- Instructions to follow -
Output exactly, and only, the lines below from the one with "We climbed to" down to the one with "例如,在2025年10月10". Include both end lines and no pictures.

- Data to process -
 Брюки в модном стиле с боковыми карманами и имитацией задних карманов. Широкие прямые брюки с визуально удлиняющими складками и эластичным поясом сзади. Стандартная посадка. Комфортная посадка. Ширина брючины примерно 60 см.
--
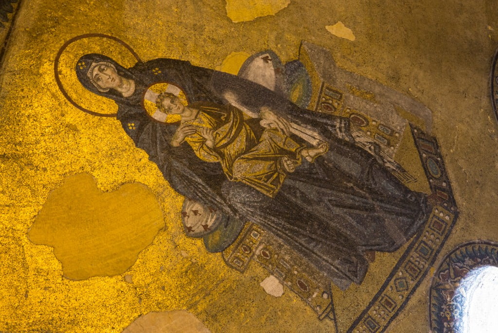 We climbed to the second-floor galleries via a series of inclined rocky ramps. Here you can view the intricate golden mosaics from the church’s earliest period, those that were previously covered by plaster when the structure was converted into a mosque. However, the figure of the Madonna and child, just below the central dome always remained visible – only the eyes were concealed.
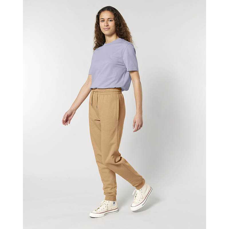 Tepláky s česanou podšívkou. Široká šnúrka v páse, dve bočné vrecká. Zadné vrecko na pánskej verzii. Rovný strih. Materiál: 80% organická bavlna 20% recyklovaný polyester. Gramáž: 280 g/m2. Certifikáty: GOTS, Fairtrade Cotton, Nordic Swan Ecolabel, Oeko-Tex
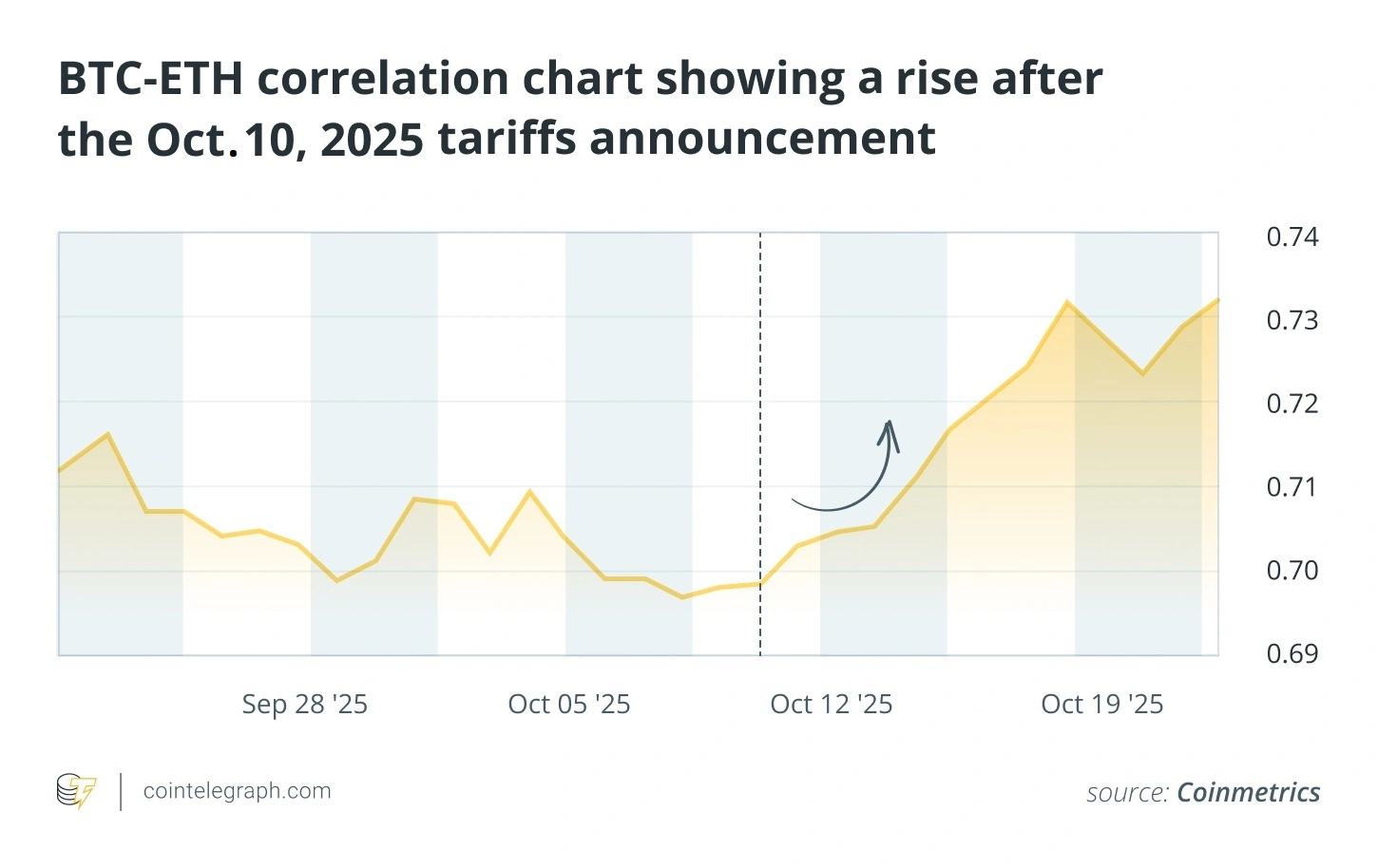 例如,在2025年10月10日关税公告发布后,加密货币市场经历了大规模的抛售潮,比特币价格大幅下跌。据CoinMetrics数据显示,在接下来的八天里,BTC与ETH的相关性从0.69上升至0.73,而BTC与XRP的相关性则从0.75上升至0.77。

- Answer -
 We climbed to the second-floor galleries via a series of inclined rocky ramps. Here you can view the intricate golden mosaics from the church’s earliest period, those that were previously covered by plaster when the structure was converted into a mosque. However, the figure of the Madonna and child, just below the central dome always remained visible – only the eyes were concealed.
 Tepláky s česanou podšívkou. Široká šnúrka v páse, dve bočné vrecká. Zadné vrecko na pánskej verzii. Rovný strih. Materiál: 80% organická bavlna 20% recyklovaný polyester. Gramáž: 280 g/m2. Certifikáty: GOTS, Fairtrade Cotton, Nordic Swan Ecolabel, Oeko-Tex
 例如,在2025年10月10日关税公告发布后,加密货币市场经历了大规模的抛售潮,比特币价格大幅下跌。据CoinMetrics数据显示,在接下来的八天里,BTC与ETH的相关性从0.69上升至0.73,而BTC与XRP的相关性则从0.75上升至0.77。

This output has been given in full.